The details of the report were also better than expected with several key measures of underlying inflation coming in below forecasts. Core CPI, which excludes food and energy, rose just +4.8% from a year ago vs. estimates of +5.0%. Super Core CPI, which is services less housing, is of particular interest to the Fed and it fell to +4.0%, the lowest level since December 2021. The owners’ equivalent rent component, which has been stubbornly high, also showed the smallest increase since the end of 2021, suggesting the housing slowdown is finally beginning to feed into inflation.
The one downside of the June reading is it is the last month that will benefit from the “base effect”. By definition, year-on-year change in CPI depends on the value of the CPI 12 months earlier. June 2022 was the peak in inflation so starting next month, the YoY comparison will begin to include lower rates of inflation.
Thursday’s Producer Price Index (PPI) brought us another better-than-expected inflation report.
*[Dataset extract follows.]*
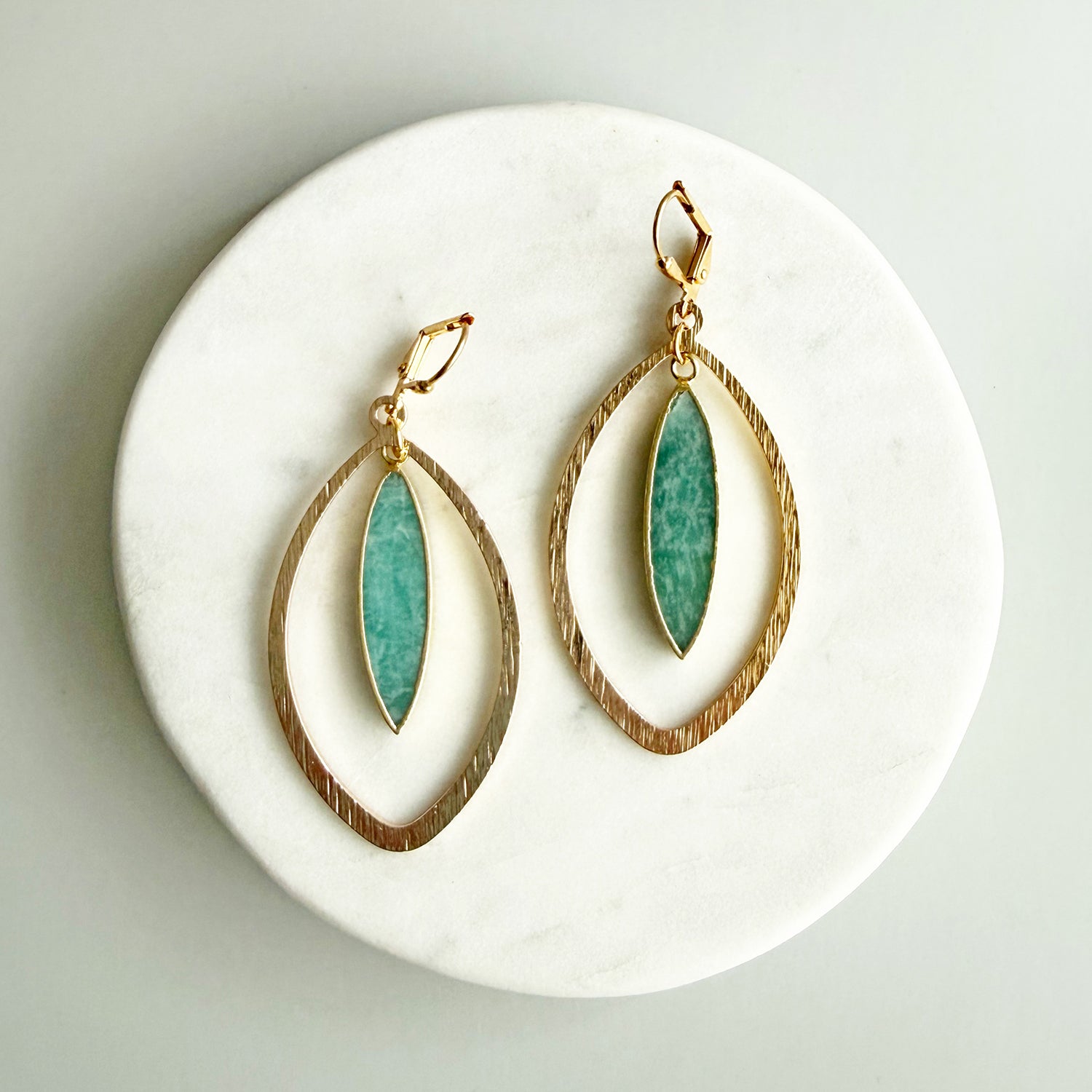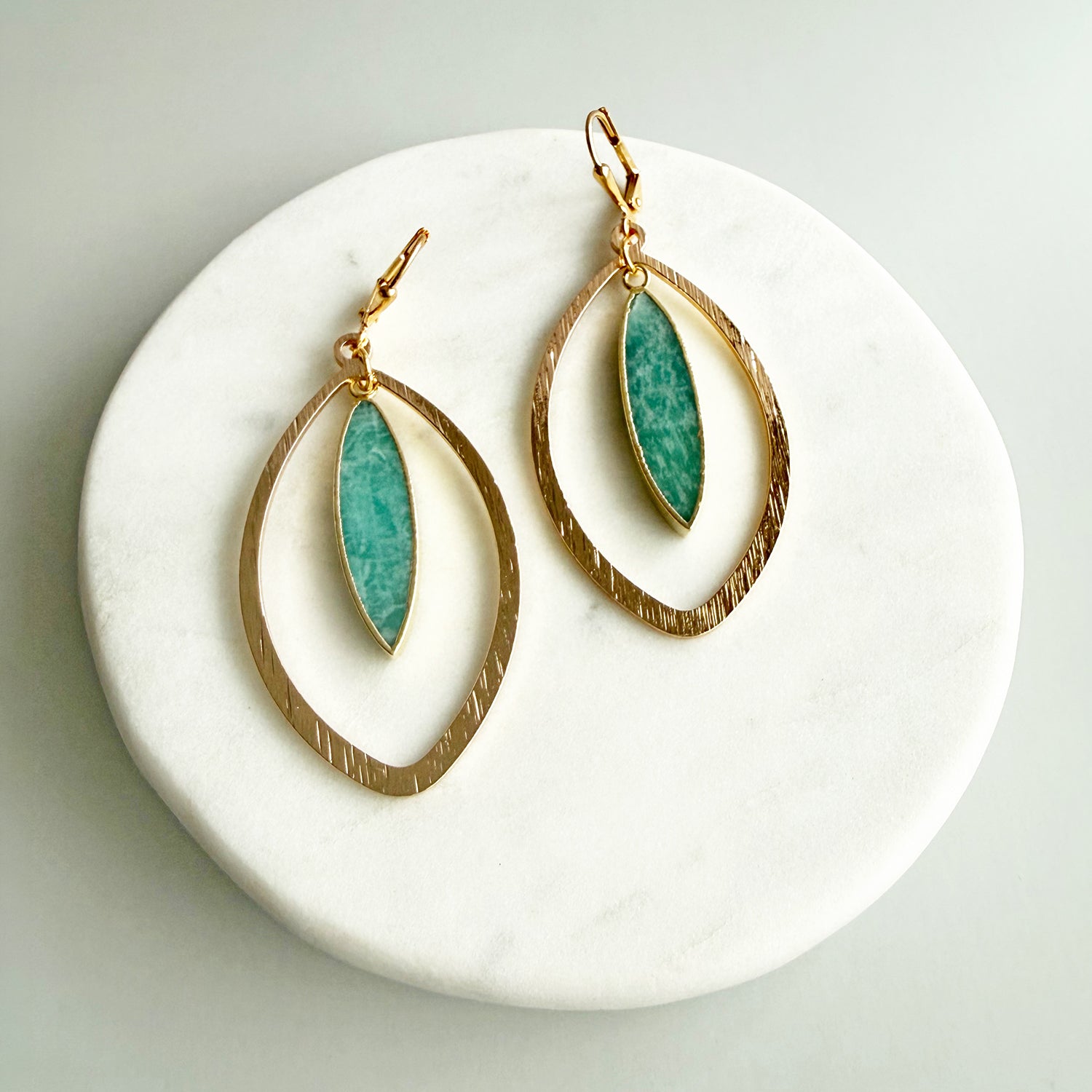 Calming amazonite stones set in elegant marquise shapes create a statement that's bold yet wearable. Finished in gold, these earrings bring soft color, natural texture, and effortless sophistication to your jewelry rotation.
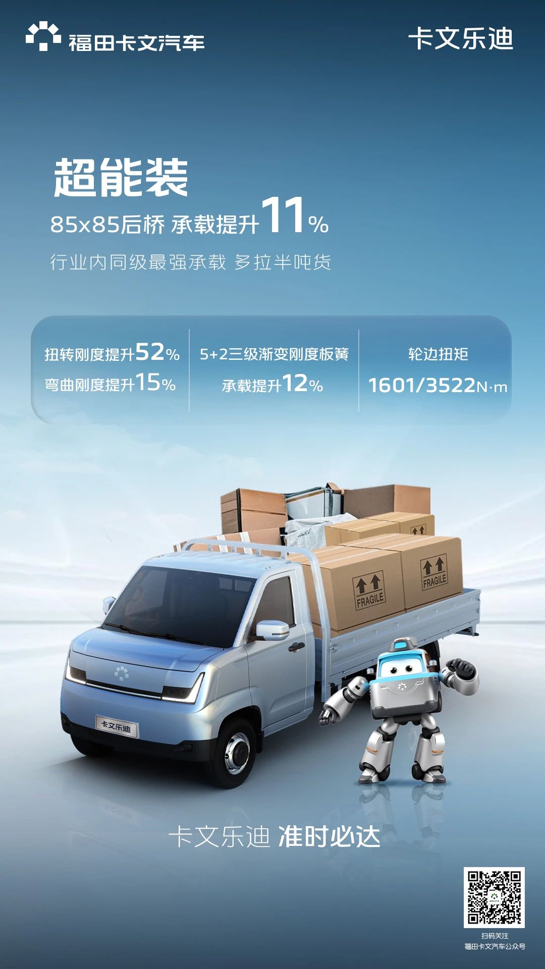 从动画荧幕驶入现实物流,超级飞侠乐迪“准时送达”的承诺,在福田卡文乐迪身上找到了坚实的现实依托。它以“航空级效率”为内核,融合澎湃高效动力、强大承载空间与全面安全科技三大核心优势,重新定义了高效小卡的价值标杆。

PPI final demand rose just +0.1% YoY vs. estimates of +0.4%, the smallest annual increase since August 2020 and very close to deflation territory. PPI is a family of indexes that measures the average change in selling prices received by producers of goods and services so it tends to be a good leading indicator for the trajectory of consumer prices.
Fueled by signs of ebbing inflation, rates sharply recoiled over the course of the week. The two- and 10-year Treasury yields fell back well below their 5% and 4% thresholds. As of this morning, the 2-year UST was down 23bps to 4.7% and the 10-year UST was down 27bps to 3.8%. No one can claim with certainty that the inflation fight is all behind us but markets clearly believe that policy tightening is in its last lap. The Fed is widely expected to rachet rates up another 25bps later this month and futures are 96% confident in that outcome. However, the prevailing sense in futures markets now is that that a July 26th hike to 5.5% could be the last in a while. CME’s FedWatch tool is showing less than a quarter of a percent chance that we end the year above there.
Next week will be a test of resolve to see if markets can maintain their optimism and the data can support it. Focus will be on Retail Sales and a slew of housing related releases as well as any comments from Fed speakers who are largely staying on message about two more rate hikes coming, despite what markets think.